Part-psychological thriller, part-urban legend, this is an unsettling narrative made up of diary entries, interview transcripts, film footage transcripts and medical notes. Twenty-five years ago, Elmbridge High burned down. Three people were killed and one pupil, Carly Johnson, disappeared. Now a diary has been found in the ruins of the school. The diary belongs to Kaitlyn Johnson, Carly’s identical twin sister. But Carly didn’t have a twin . . .

Re-opened police records, psychiatric reports, transcripts of video footage and fragments of diary reveal a web of deceit and intrigue, violence and murder, raising a whole lot more questions than it answers.
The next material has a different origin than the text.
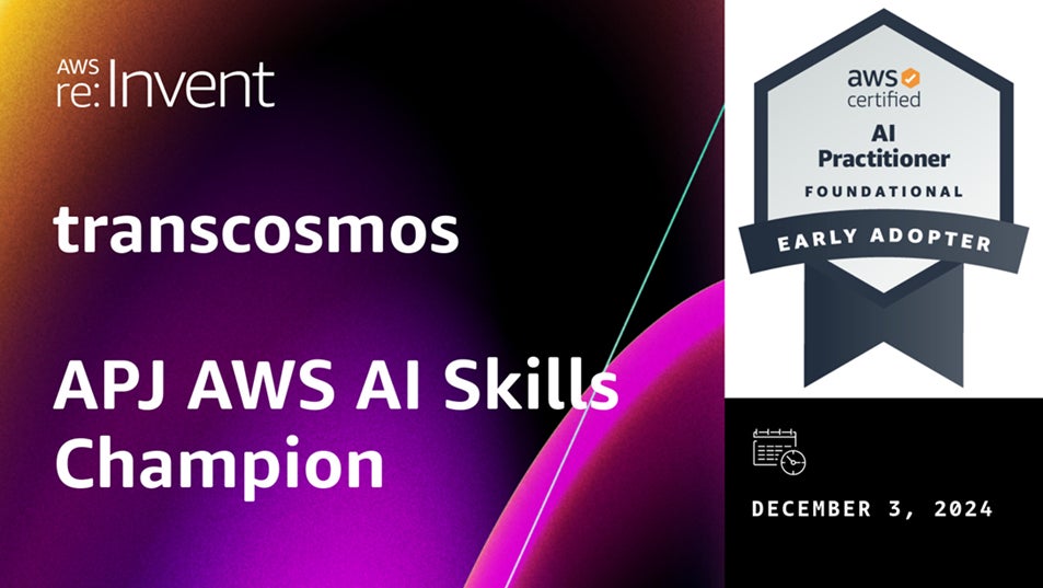 トランスコスモスおよびトランスコスモスの戦略子会社である株式会社トランスコスモス・デジタル・テクノロジーは、2024年12月2日~6日、アメリカ合衆国ネバダ州ラスベガスで開催されたAWS re: Invent 2024 (https://reinvent.awsevents.com/)において、「APJ AWS AI Skills Champion」としてアジアの企業で唯一受賞しました。

Who was Kaitlyn and why did she only appear at night? Did she really exist or was she a figment of a disturbed mind? What were the illicit rituals taking place at the school? And just what did happen at Elmbridge in the events leading up to ‘the Johnson Incident’?

Chilling, creepy and utterly compelling, THE DEAD HOUSE is one of those very special books that finds all the dark places in your imagination, and haunts you long after you’ve finished reading.

My Thoughts:

I loved this book. The formatting is really interesting. It is written in diaries, interviews, and film transcripts. I’ve been reading a lot of books about dissociative identity disorder. Some good some bad, most seem to be some sort of thriller or horror style. This is no exception. As someone who has DID I found this book very interesting and haunting. This book is about Kaitlyn and Carly Johnson. Two alters of the same person. Carly is stuck in the day, while Kaitlyn rules the night. I connected with Kaitlyn a lot. I couldn’t stop reading it. It was thrilling and a page turner. This book absolutely had me freaked out, which surprised me, but I think I was so connected to the characters that I was just entranced with the story. Loved it!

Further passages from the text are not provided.